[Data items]
—————

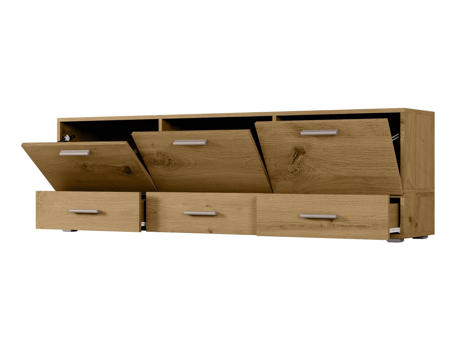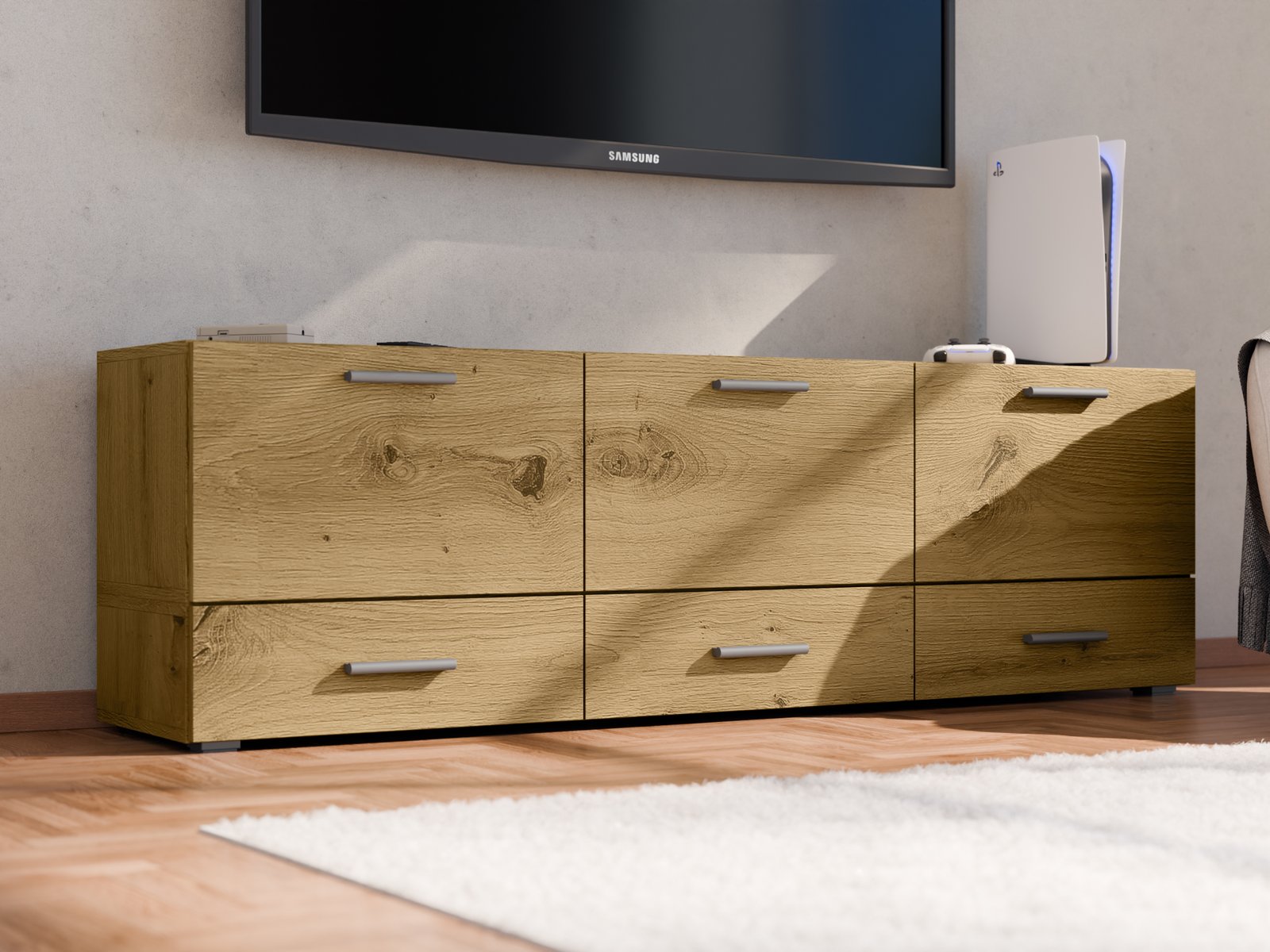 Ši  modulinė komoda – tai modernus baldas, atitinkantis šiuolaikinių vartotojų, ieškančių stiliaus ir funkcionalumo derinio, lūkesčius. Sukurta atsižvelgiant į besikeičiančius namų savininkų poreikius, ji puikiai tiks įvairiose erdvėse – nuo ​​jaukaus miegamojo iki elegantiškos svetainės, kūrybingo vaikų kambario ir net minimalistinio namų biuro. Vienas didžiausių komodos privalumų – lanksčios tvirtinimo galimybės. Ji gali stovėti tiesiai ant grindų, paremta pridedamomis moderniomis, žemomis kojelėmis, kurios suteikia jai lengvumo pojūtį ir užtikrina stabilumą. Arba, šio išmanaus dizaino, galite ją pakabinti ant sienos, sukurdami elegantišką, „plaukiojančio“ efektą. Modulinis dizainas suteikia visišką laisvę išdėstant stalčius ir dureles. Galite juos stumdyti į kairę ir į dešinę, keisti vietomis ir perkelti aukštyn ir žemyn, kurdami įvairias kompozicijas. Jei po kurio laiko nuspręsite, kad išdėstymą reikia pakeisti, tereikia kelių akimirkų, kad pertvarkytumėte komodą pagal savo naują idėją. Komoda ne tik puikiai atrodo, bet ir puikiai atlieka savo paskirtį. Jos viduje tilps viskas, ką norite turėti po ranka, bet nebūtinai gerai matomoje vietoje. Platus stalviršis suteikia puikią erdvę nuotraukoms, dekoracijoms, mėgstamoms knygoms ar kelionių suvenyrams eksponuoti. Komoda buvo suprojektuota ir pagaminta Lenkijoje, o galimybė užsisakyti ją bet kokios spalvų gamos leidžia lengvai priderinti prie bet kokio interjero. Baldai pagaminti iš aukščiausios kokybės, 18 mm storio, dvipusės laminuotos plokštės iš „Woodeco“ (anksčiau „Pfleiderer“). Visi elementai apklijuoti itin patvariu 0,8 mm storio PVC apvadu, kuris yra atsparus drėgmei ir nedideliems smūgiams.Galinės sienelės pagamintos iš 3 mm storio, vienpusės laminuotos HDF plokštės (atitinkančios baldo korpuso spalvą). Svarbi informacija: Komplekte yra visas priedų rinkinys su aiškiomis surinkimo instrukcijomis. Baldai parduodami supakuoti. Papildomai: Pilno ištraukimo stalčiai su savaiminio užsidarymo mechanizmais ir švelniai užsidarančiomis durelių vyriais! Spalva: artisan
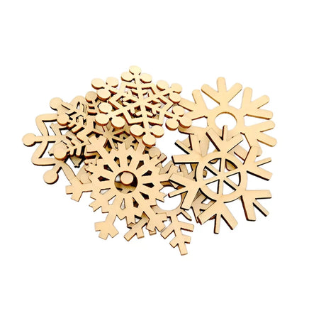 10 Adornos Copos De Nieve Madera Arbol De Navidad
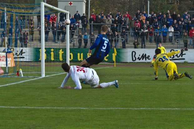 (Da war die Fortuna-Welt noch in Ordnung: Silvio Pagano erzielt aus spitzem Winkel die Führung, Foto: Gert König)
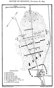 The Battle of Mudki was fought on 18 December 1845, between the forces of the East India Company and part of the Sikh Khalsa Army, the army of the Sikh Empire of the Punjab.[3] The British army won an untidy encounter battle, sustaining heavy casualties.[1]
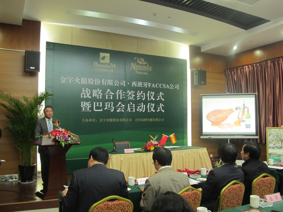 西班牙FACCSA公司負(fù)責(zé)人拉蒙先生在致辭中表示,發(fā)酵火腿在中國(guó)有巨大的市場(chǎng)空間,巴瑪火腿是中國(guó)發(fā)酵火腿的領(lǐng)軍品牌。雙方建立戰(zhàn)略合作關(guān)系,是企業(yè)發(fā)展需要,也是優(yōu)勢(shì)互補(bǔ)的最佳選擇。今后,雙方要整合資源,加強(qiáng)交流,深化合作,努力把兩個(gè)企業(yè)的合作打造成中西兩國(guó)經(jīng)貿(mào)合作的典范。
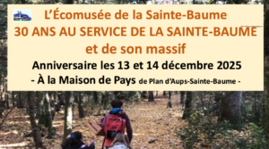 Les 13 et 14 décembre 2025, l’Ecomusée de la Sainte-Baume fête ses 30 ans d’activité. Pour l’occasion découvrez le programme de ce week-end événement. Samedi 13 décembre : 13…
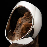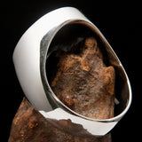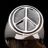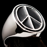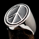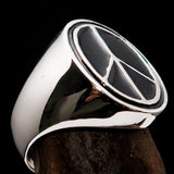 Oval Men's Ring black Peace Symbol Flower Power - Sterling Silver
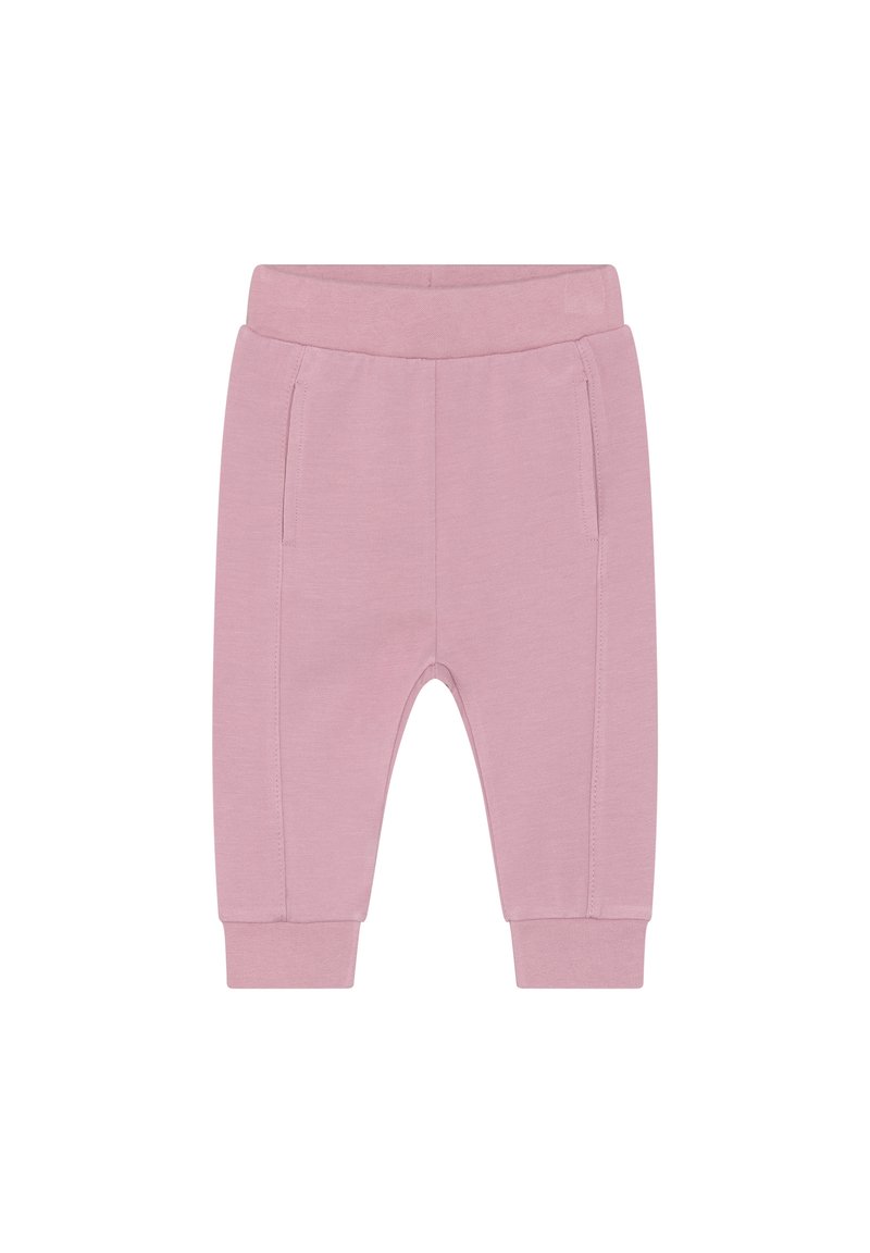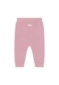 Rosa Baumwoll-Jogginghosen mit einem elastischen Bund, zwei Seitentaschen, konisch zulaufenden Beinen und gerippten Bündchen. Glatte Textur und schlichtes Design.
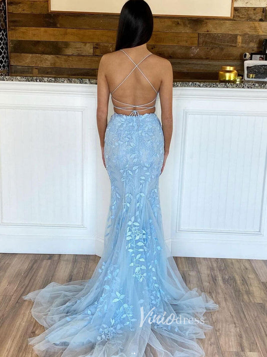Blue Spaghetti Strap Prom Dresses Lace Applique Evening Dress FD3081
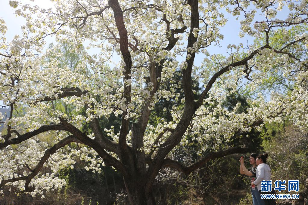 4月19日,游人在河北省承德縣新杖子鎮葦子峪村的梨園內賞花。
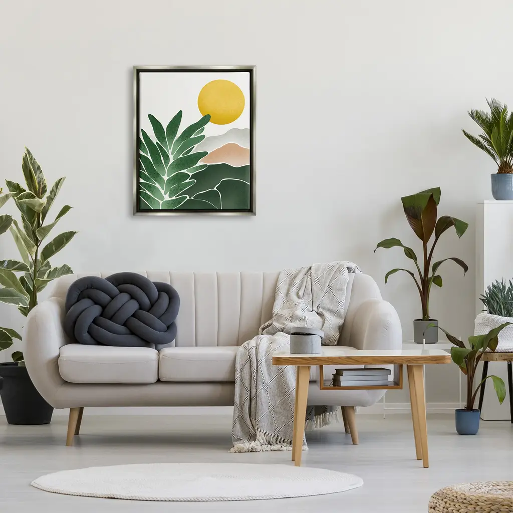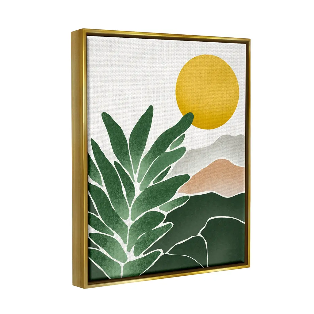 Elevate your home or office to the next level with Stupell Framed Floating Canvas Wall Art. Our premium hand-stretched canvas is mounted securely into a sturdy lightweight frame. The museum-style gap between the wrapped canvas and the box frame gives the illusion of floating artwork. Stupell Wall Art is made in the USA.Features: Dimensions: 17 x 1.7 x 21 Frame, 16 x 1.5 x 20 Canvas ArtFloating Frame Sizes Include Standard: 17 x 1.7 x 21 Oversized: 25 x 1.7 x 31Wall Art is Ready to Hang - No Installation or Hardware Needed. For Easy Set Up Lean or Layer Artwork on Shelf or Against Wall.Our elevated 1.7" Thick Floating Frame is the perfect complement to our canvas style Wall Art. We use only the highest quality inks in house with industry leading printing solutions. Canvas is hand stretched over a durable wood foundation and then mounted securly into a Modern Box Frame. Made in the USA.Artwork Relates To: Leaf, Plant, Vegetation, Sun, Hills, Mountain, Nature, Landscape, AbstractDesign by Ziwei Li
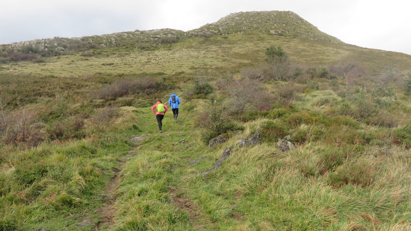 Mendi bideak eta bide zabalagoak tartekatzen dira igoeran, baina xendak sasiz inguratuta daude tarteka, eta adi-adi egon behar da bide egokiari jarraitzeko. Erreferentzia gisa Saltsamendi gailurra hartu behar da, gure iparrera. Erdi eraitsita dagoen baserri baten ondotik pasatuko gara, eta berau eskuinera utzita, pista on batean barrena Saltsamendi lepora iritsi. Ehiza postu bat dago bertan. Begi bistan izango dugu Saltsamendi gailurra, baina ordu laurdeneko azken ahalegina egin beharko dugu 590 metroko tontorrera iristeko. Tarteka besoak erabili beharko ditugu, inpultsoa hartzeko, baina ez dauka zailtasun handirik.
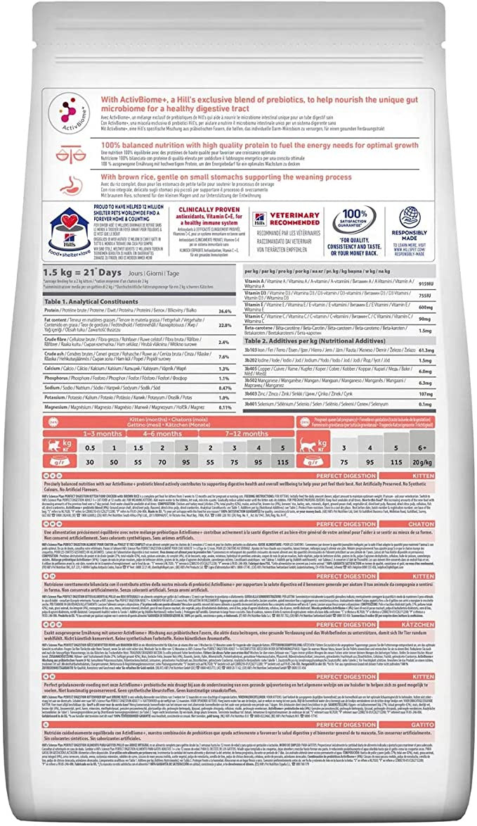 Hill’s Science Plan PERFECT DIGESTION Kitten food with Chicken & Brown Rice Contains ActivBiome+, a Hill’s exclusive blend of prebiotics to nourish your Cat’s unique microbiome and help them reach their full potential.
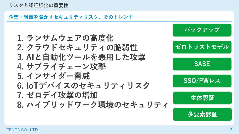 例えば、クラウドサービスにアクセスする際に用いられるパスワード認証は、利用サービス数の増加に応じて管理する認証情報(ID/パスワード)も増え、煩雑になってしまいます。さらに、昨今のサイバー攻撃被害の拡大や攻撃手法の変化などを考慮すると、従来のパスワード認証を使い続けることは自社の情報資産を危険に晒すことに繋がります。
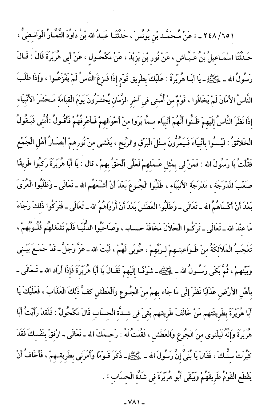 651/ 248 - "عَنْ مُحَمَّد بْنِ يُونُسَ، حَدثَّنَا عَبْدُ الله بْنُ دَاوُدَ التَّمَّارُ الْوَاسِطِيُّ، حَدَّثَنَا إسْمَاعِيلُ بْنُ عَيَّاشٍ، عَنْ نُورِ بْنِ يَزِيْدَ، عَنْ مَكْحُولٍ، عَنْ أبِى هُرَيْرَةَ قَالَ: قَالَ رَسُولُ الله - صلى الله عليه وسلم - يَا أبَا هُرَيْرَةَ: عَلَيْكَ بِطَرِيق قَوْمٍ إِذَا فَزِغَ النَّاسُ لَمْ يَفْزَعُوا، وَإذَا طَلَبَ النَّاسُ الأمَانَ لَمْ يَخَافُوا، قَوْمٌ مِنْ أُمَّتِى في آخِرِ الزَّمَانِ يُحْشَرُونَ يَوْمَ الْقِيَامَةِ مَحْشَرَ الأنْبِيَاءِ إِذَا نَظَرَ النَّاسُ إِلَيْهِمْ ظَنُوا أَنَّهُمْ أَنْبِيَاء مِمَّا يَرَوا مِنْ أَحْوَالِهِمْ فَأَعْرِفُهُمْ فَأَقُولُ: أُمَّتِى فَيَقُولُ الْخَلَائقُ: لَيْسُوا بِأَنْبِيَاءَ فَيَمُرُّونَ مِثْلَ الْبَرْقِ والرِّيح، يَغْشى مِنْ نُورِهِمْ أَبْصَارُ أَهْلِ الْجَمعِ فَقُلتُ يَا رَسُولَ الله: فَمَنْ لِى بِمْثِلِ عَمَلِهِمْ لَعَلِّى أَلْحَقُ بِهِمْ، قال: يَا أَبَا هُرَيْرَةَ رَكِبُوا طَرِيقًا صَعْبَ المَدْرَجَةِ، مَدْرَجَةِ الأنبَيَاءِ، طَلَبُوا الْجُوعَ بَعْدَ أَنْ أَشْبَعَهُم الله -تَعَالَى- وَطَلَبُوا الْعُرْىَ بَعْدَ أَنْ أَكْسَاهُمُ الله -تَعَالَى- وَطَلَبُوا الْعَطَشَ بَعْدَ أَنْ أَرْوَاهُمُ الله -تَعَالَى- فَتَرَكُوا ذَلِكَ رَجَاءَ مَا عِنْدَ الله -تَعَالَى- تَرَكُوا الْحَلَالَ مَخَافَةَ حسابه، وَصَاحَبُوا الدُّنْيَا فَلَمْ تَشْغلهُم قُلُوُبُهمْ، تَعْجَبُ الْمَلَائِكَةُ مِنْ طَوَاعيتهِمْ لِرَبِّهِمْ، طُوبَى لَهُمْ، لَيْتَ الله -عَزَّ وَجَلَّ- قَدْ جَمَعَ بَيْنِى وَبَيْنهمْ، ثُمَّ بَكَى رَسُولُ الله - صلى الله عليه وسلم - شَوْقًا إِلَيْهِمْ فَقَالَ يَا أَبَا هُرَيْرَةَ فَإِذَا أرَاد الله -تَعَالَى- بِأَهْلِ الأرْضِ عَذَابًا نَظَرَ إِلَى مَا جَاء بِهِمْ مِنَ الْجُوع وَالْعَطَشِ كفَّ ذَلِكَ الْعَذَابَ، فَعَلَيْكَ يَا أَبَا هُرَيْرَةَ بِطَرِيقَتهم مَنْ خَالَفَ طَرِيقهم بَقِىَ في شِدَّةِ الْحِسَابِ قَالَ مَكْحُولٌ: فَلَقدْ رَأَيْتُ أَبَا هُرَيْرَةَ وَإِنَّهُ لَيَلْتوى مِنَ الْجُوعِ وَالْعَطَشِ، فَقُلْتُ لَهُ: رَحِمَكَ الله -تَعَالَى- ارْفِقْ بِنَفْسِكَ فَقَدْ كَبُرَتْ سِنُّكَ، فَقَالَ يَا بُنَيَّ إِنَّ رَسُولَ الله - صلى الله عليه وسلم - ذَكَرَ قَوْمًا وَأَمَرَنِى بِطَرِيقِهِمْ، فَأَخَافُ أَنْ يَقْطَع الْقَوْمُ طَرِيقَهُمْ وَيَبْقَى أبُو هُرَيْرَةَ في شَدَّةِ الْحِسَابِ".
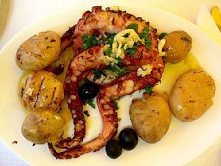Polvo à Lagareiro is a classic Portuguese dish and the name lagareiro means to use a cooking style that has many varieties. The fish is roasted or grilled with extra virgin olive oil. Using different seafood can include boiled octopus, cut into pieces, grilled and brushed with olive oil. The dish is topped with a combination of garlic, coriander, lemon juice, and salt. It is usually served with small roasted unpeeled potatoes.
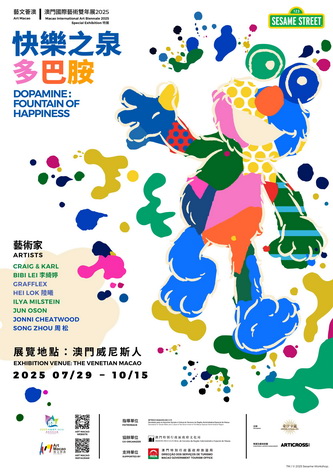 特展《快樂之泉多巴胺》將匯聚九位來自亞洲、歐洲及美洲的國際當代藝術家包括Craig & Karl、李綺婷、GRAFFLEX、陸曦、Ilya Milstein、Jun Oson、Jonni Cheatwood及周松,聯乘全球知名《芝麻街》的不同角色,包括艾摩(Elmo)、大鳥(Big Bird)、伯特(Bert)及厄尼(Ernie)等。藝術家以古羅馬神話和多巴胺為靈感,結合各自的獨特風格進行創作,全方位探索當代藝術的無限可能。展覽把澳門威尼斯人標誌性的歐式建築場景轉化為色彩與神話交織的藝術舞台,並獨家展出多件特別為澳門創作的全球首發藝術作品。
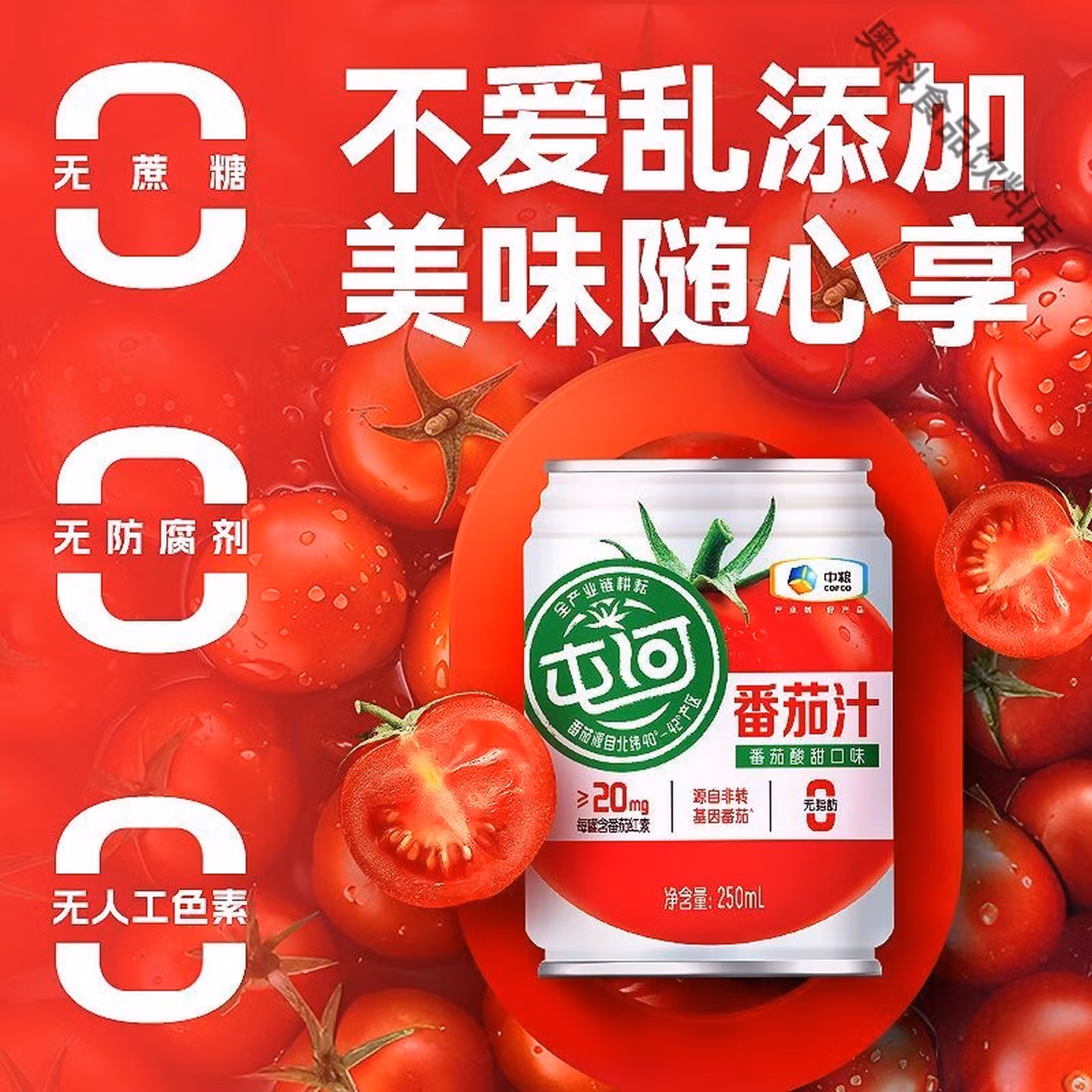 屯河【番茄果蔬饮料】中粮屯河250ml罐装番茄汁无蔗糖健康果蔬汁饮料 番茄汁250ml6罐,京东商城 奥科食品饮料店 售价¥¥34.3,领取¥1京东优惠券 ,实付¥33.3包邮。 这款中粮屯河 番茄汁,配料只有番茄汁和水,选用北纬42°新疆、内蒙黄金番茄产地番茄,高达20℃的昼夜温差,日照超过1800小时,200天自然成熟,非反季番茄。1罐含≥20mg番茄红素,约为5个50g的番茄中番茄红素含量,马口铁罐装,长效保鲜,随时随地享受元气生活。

—————

WHAT YOU SHOULD DO: The answer must be the part of the records that opens with the line containing "Mendi bideak eta" and closes with the line containing "例えば、クラウドサービスにア", reproduced exactly, with no pictures.

RESPONSE AREA:
 Mendi bideak eta bide zabalagoak tartekatzen dira igoeran, baina xendak sasiz inguratuta daude tarteka, eta adi-adi egon behar da bide egokiari jarraitzeko. Erreferentzia gisa Saltsamendi gailurra hartu behar da, gure iparrera. Erdi eraitsita dagoen baserri baten ondotik pasatuko gara, eta berau eskuinera utzita, pista on batean barrena Saltsamendi lepora iritsi. Ehiza postu bat dago bertan. Begi bistan izango dugu Saltsamendi gailurra, baina ordu laurdeneko azken ahalegina egin beharko dugu 590 metroko tontorrera iristeko. Tarteka besoak erabili beharko ditugu, inpultsoa hartzeko, baina ez dauka zailtasun handirik.
 Hill’s Science Plan PERFECT DIGESTION Kitten food with Chicken & Brown Rice Contains ActivBiome+, a Hill’s exclusive blend of prebiotics to nourish your Cat’s unique microbiome and help them reach their full potential.
 例えば、クラウドサービスにアクセスする際に用いられるパスワード認証は、利用サービス数の増加に応じて管理する認証情報(ID/パスワード)も増え、煩雑になってしまいます。さらに、昨今のサイバー攻撃被害の拡大や攻撃手法の変化などを考慮すると、従来のパスワード認証を使い続けることは自社の情報資産を危険に晒すことに繋がります。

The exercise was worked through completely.